– Его, конечно, нельзя винить.
– Очень даже можно. Я виню.
– Я в том смысле, что он не нарочно. Что поделать, Берти. Весна. Брачный сезон, пора, как, может быть, тебе известно, когда красуется голубь переливчатым опереньем и помыслы юных полны любовным томленьем. Девушка вроде Тараторы может в разгар весны с такой силой поразить сердце Гасси, и без того ослабленное постоянным питьем апельсинового сока, что страшно подумать, в хорошей спортивной форме она одолеет любого. Кто-кто, а уж ты-то это знаешь сам, Берти. Вспомни, какого дурака ты когда-то из-за нее валял.
– Не будем ворошить то, что было и прошло.
– Я ворошу только для того, чтобы доступнее выразить свою мысль, что Гасси больше достоин жалости, чем упреков.
– Это она достойна упреков. Зачем она его поощряет.
– Она не поощряет. Он просто прилип, и все.
– Нет, не все. Она его поощряет. Я сам видел. Она нарочно пускает в ход свое знаменитое обаяние. Не говори мне, что такая девушка, как Кора Таратора, обученная спускать с лестницы голливудских красавцев, не могла бы заморозить Гасси. Если б захотела.
– А она не хочет.
– Вот и я об этом.
– И скажу тебе почему. Я, правда, у нее не спрашивал, но убежден, что она разыгрывает этот сюжет с Гасси с исключительной целью пронзить сердце Эсмонда Хаддока. Чтобы знал: если ему она не нужна, есть другие.
– Но она же ему нужна.
– Этого она не знает. Если только ты ей не сказал.
– Не сказал.
– Почему?
– Не уверен был, что это будет порядочно с моей стороны. Понимаешь, он рассказал мне о своих сокровенных чувствах как бы под тайной исповеди и выразил желание, чтобы все осталось между нами. «Это не должно пойти дальше», – его слова. С другой стороны, своевременное словцо могло бы соединить разлученные сердца. Прямо не знаю. Сложная ситуация.

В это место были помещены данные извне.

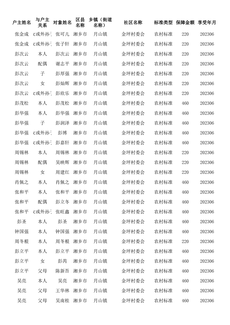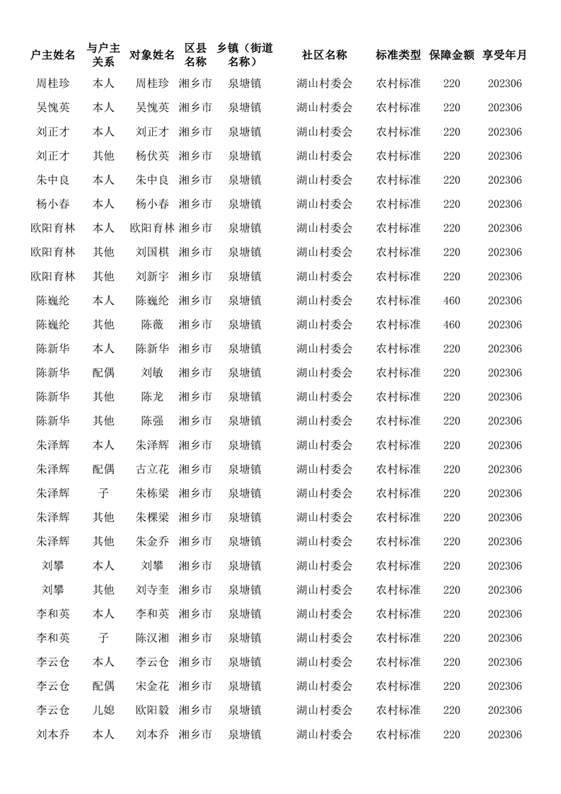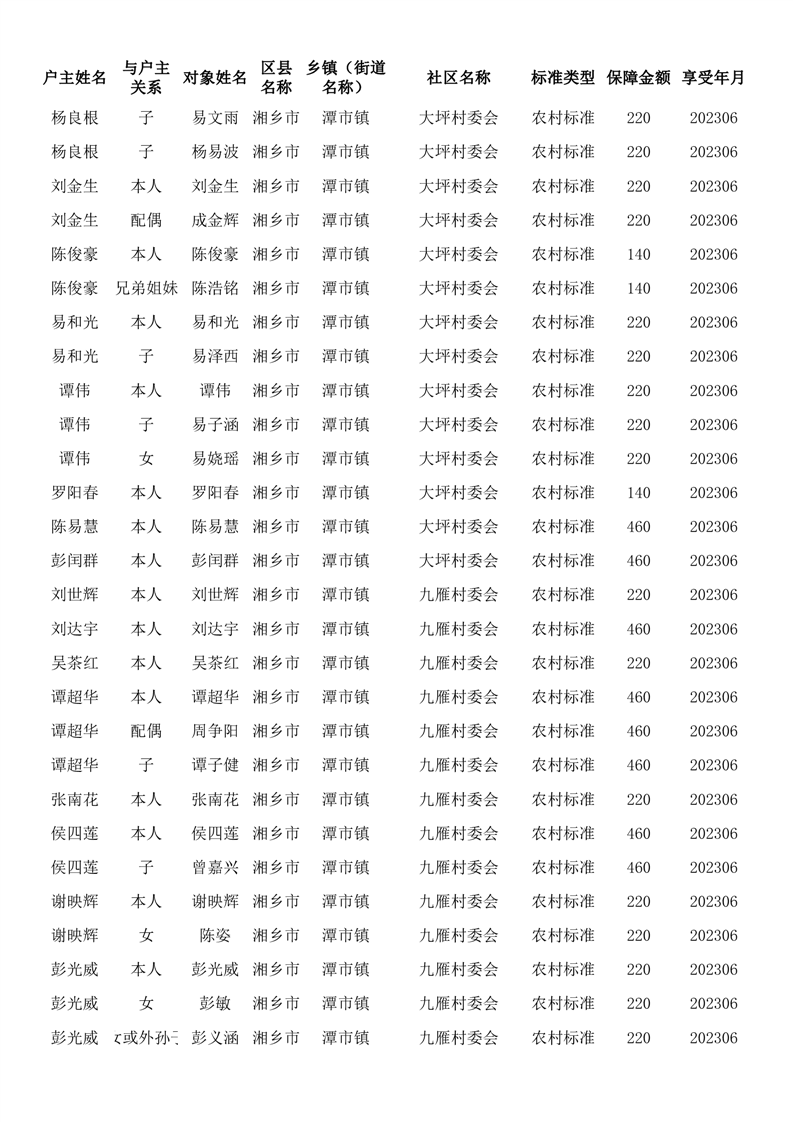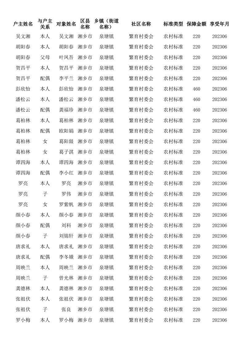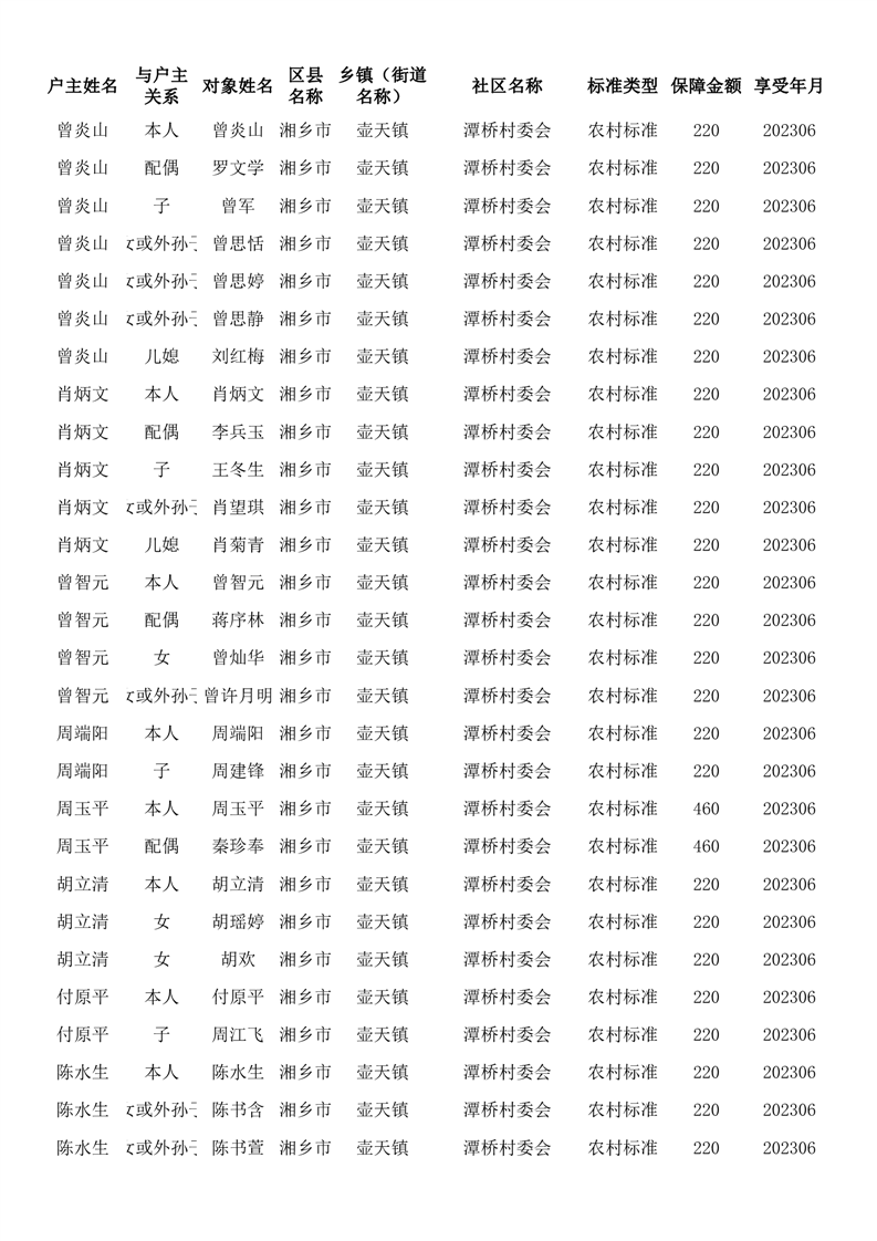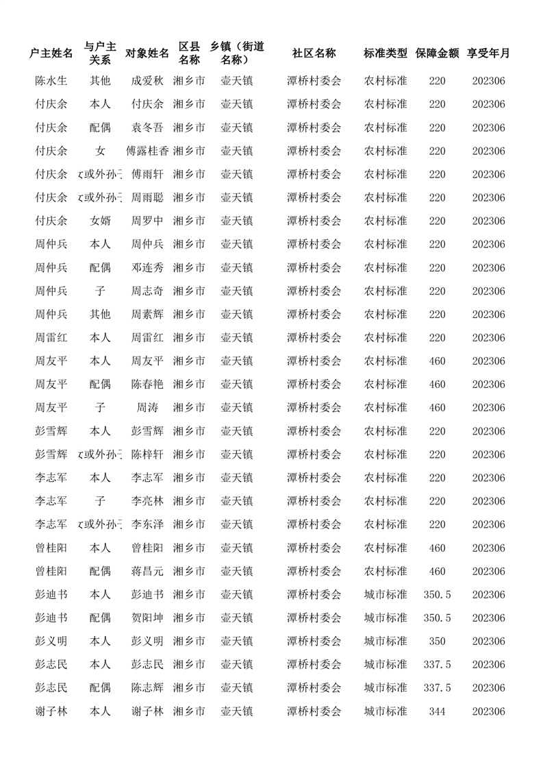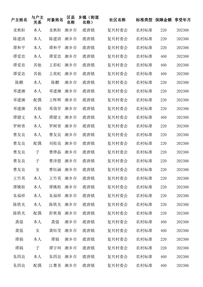 湘鄉(xiāng)市2023年6月城鄉(xiāng)低保救助對象審批匯總表
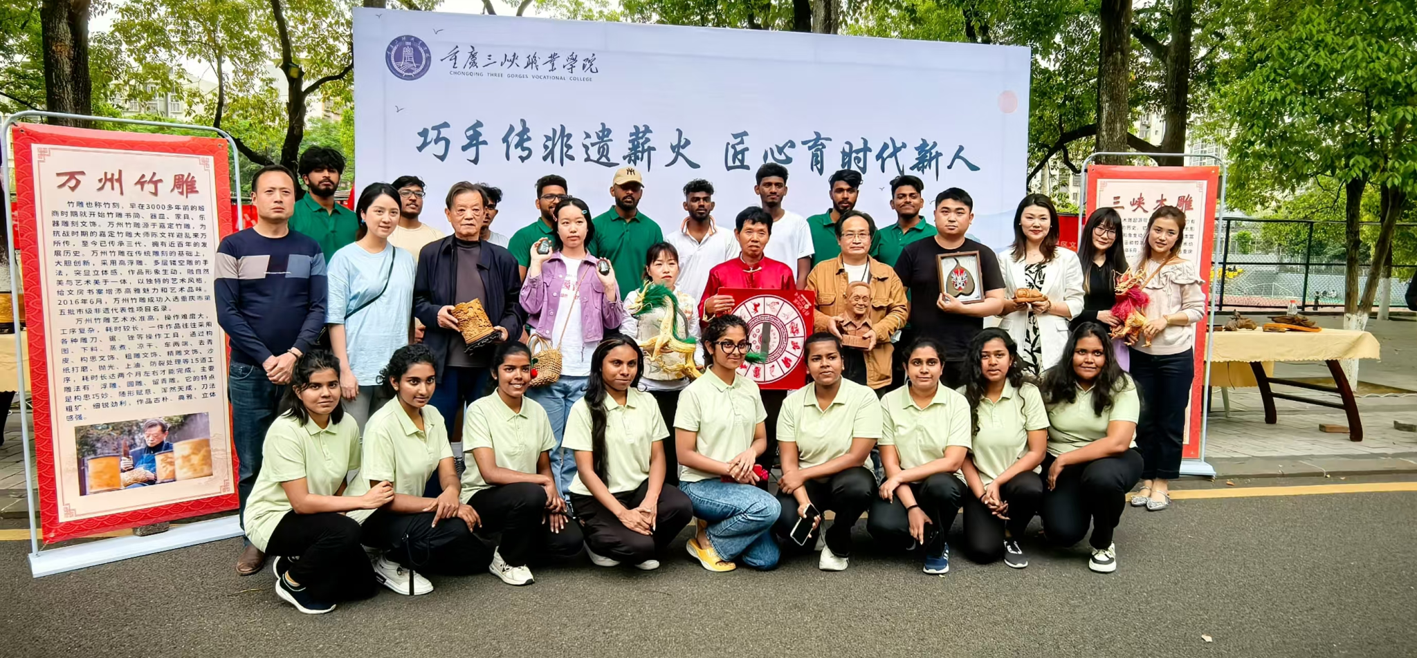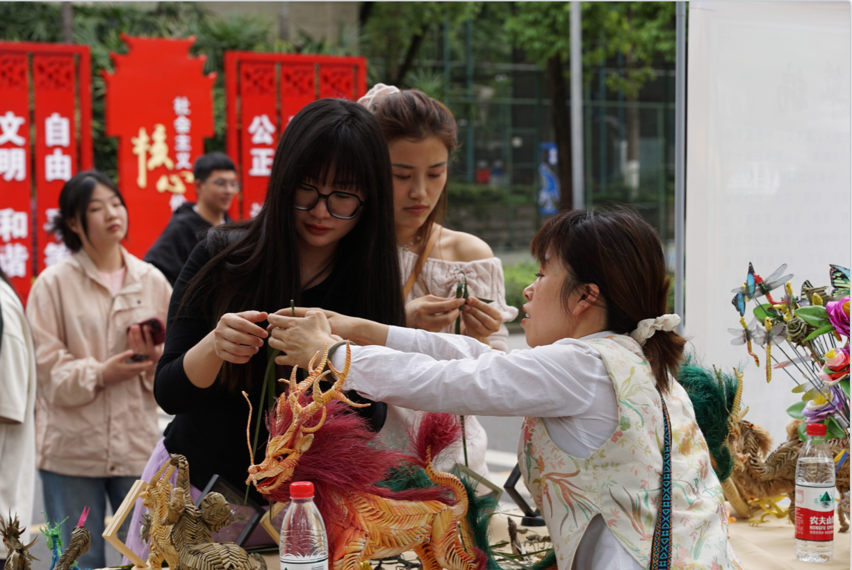 从万州竹雕的百年传承到糖画的市井烟火,非遗技艺在校园中焕发新生。活动不仅是一场文化盛宴,更是一堂生动的劳动教育课。值得一提的是,活动吸引了十多名斯里兰卡留学生参与,留学生们在泥塑和糖画体验中尤为投入,非遗文化在跨文化交流中绽放出独特光彩。未来,学院将持续搭建非遗传承平台,让年轻一代在触摸历史的过程中,成为文化薪火的传递者,也搭建起文化交流的桥梁,让更多人看到中国非遗的智慧与美。

– Я бы не стеснялся, а взял бы да и сказал своевременное словцо. Я – за то, чтобы соединять разлученные сердца.
– Да и я тоже. Только боюсь, уже поздно. Бассет прожигает телеграммами провода, требуя разъяснений. Только что пришла от нее телеграмма высокого напряжения. Я видел ее в холле на столе, когда возвращался. Это телеграмма девушки, которая уже сыта по уши и готова послать Гасси куда подальше. Нет, говорю тебе, Китекэт, положение безнадежно. Я пропал.
– Да нет же.
– Нет, пропал. Когда я рассказал Гасси про телеграмму и намекнул открытым текстом, что сейчас самое время ему как порядочному человеку прийти на помощь, он и слушать не захотел. Не получит она письма, пока не усвоит урока, который он ей преподает. Он просто рехнулся, честное слово, и я не вижу выхода.
– Есть выход. Проще простого.
– То есть ты можешь что-то предложить?
– Конечно, могу. Я всегда могу что-то предложить. Решение напрашивается. Если Гасси не желает ей писать, писать ей должен ты.
– Но ей вовсе не нужны мои письма. Ей нужны письма от Гасси.
– И на здоровье. От Гасси она их и будет получать. Просто Гасси потянул запястье и вынужден диктовать, а ты записывать.
– Ничего Гасси не потянул.
– Погоди! Он не просто потянул, а вывихнул запястье, останавливая понесшую лошадь с риском для собственной жизни ради спасения от страшной гибели чужого дитяти. Дитя золотоволосое, если ты послушаешь моего совета, голубоглазое, румяное и прелестно шепелявит. Шепелявость, по-моему, самое оно.